I so enjoy seeing the world, and New Orleans in particular, through Sun’s new eyes.  I WANT her to grow up thinking Mardi Gras, neutral grounds, snow balls, gumbo, Jazz Fest, the French Quarter, above-ground cemeteries with its All Souls Day traditions, all the unique NOLA things, I want her to think that’s just normal and other cities have it all wrong not to do as NOLA does.

And growing up in New Orleans doesn’t take a lot of money.  It just takes a lot of heart.  So BRING IT bad economy.  I’m not scared.

Their World

They take their daughter to Oktoberfest.  This is Sun’s second.  She marvels at the oompa band, still too young to enjoy the Chicken Dance.  She is too shy to be comfortable on her own feet; she hugs her mother’s legs when set down.  Her parents are happy to hold her and not fear her getting lost in the crowd.

They enjoy bratwurst and stuffed cabbage rolls and sauerkraut and mashed potatoes.  The adults drink German beer and wines.  There is laughter and joy.

They leave the Deutschen Haus and decide to get ice cream.  They drive to Brocato’s and park on the street.  Sun’s father carries a now-shoeless daughter.  Sun’s mother looks back at the car several times, knowing she turned the headlights off but wondering why they are still lit.  After half a block, Sun’s mother turns to go back to shut off the headlights.  Three steps back, the lights go out.

Sun’s mother turns again and walks back towards her family.  She catches eyes with her daughter.  Sun laughes.  So does her mother.  They hold each others’ gaze and laugh lightly, no one paying them any mind.  They are caught in the moment like it is its own planet; held together by an ephemeral magic.

Treasures

In what passes for a cool Fall day in New Orleans, I took the opportunity to enjoy the weather.  Sun and I walked down the street to the little park on the corner.  The school kids were sitting on the table and avoided us.

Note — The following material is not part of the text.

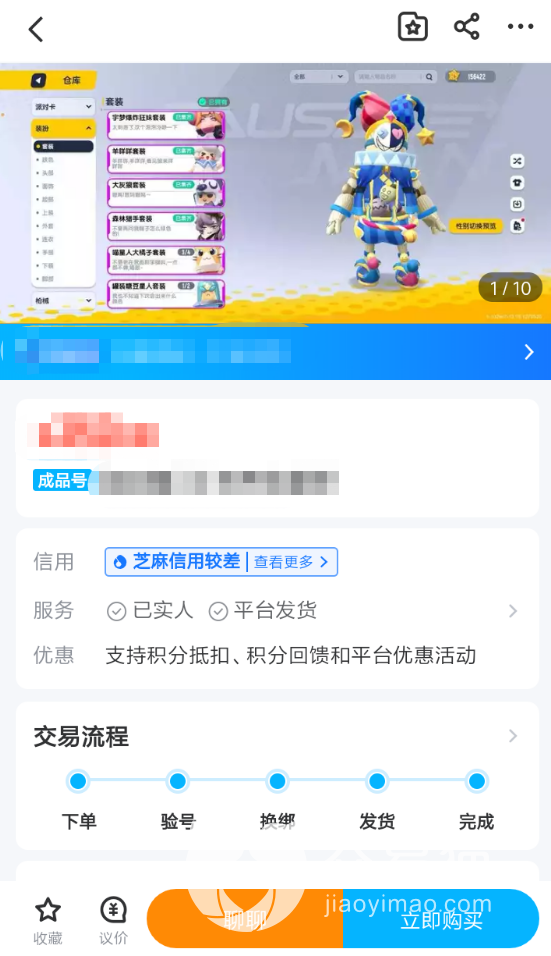 1、各位在交易猫app内浏览香肠派对的游戏账号时,可以通过截图的内容展示去了解当前游戏号所包含的内容,玩家可以直观的了解到其中拥有了哪些高级皮肤和各种稀有的材料,这些信息也是帮助大家判断该游戏号是否值得购买的核心因素。

I took Sun to the slide and let her come at it on her own.  After some time of walking the grounds and finding the drain fascinating, Sun finally found the courage to climb the stairs of the slide.  I climbed with her.  She wouldn’t go down the tunnel-swing and opted instead to walk across the swaying bridge to get to the twin slides.  Her and I slid down together.  She loved it.  She then tried to climb up the slide.  I’d help her climb up and slide down, laughing all along.  Then she worked up her nerve to go down alone.  I was very proud of her.

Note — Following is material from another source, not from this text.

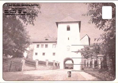 • Observații: Pe verso-ul cărții poștale este imprimată monocrom, în nuanțe pale, o imagine a intrării în Mănăstirea Govora. Mănăstirea Govora este o mănăstire de maici cu hramul Adormirea Maicii Domnului, una dintre cele mai vechi mănăstiri din Țara Românească, precum și un monument arhitectonic medieval de o rară frumusețe. (sursa: https://ro.wikipedia.org/wiki/M%C4%83n%C4%83stirea_Govora)

Then we walked to the swings, and met a neighbor boy and his grandmother.  After swinging, we began our walk home.  Sun didn’t want to be carried.  Instead, she walked and kept her eyes pealed for acorns and leaves that passed her muster.  She found enough to fill both of her little hands.  When we got home, we sat on the front porch enjoying cool glasses of water and admiring Sun’s treasures.